The decision between fixed and suspended biological packing configurations fundamentally shapes reactor hydraulics, biofilm thickness control, and maintenance requirements. Both approaches have well-established applications across industrial wastewater treatment, but their suitability diverges significantly based on influent characteristics and treatment objectives.
| Parameter | Fixed Packing (Submerged / Trickling) | Suspended Carriers (MBBR / IFAS) |
|---|---|---|
| Biofilm control | Passive — backwash or air scour required | Self-regulating via carrier-to-carrier abrasion |
| Clogging risk | Moderate to high in high-SS effluents | Low — open flow path maintained |
| Retrofit suitability | Requires basin modification | High — can be added to existing aeration tanks |
| Biomass concentration | High within bed — risk of anaerobic zones | Moderate — well-distributed, aerobic throughout |
| Ideal application | Relatively stable, lower-SS effluents | Variable-load, high-SS industrial wastewater |
For industrial facilities with fluctuating production schedules — such as paper mills and chemical plants where hydraulic and organic loading varies significantly between shifts — suspended carrier systems generally offer superior operational resilience due to their inherent load-buffering capacity and lower clogging risk.
Successful biofilm establishment on Biological Packing Material requires careful management during the reactor startup phase — a period that determines how quickly the system reaches stable treatment performance and how resilient the established biofilm community will be to subsequent loading shocks.

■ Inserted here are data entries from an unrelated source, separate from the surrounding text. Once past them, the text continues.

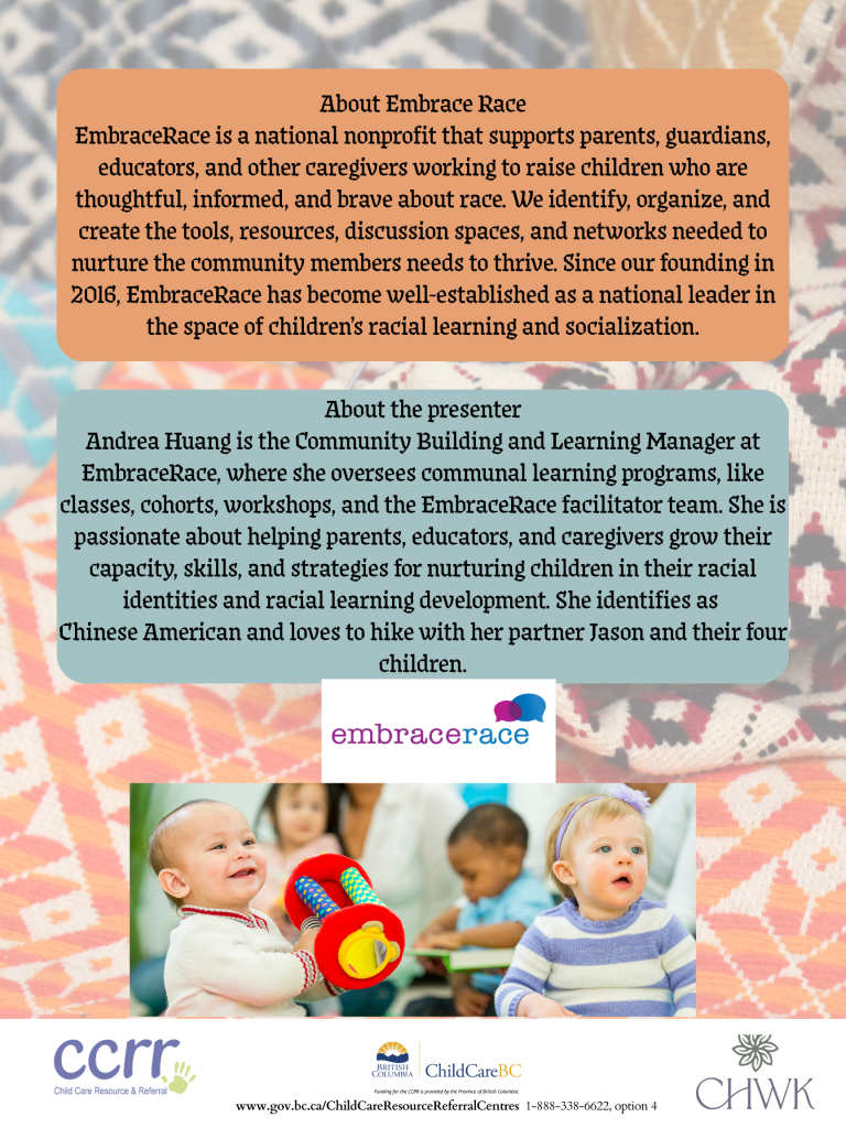 Join us for an interactive, virtual, 2-session workshop focused on the racial learning and development of young children, ages 0-2 yrs (Day 1) and 3-5 yrs (Day 2). Participants will deepen their knowledge and understanding of what research shows us about infant-toddler and preschoolers’ growth and what they notice about race.
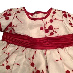 Bonnie Baby Dress White & Red Floral Embroidered Bow Back Size 3/6M
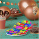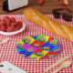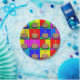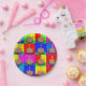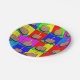 Platos de cumpleaños con el colorido diseño de pasteles de Pop Art.
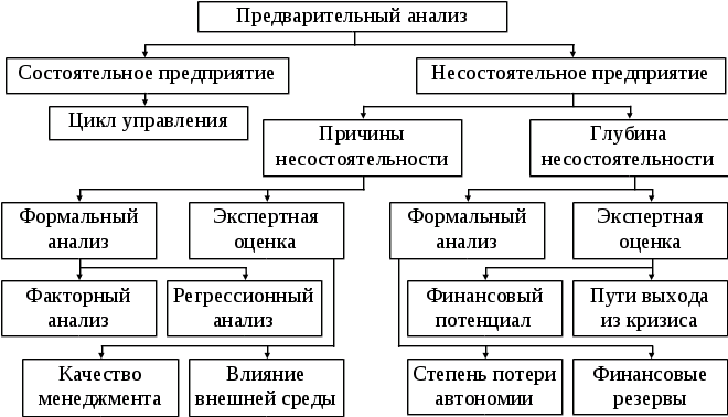 методика анализа причин кризисного состояния: предполагает использование иерархической системы, включающей экспертные оценки, ретроспективный анализ показателей, а также решение задачи оптимизации для поиска оптимальных путей вывода предприятия из кризиса;
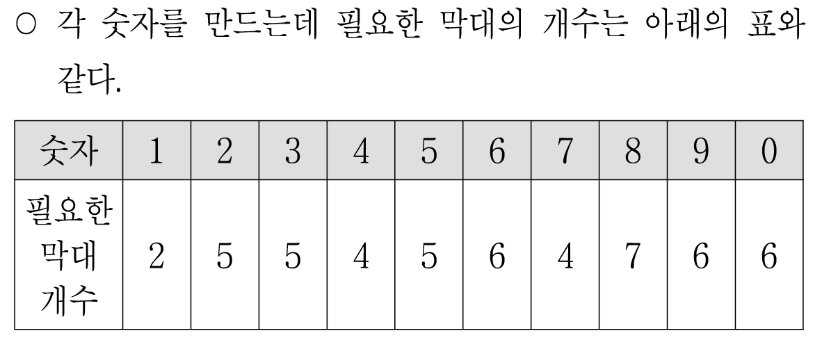 그럼 88을 만들기 위해서 몇 개의 막대가 필요할까?

Startup typically proceeds through three identifiable stages. During the attachment phase (days 1–7), pioneer microbial species colonize packing surfaces; maintaining low hydraulic loading and avoiding disinfectant carryover from upstream processes is critical during this window. The growth phase (days 7–21) sees rapid biomass accumulation as the biofilm community diversifies; gradual increases in organic loading — targeting no more than a 10–15% daily increase in BOD volumetric load — prevent overgrowth and sloughing events that can carry biomass into downstream clarification. By the maturation phase (day 21 onward), biofilm thickness stabilizes and treatment efficiency reaches design targets.
Long-term maintenance priorities include periodic inspection for media attrition or cracking in fixed packing systems, monitoring fill fraction in MBBR applications to confirm carriers remain within the design operating window (typically 30–67% fill), and preventing toxic shock events from upstream process chemical spills — a particular risk in chemical manufacturing and printing industry treatment systems. Yixing Hengye Environmental Protection Technology supports clients through both the startup commissioning period and long-term operational optimization, ensuring biofilm systems deliver consistent compliance performance across the full range of industrial wastewater applications they serve.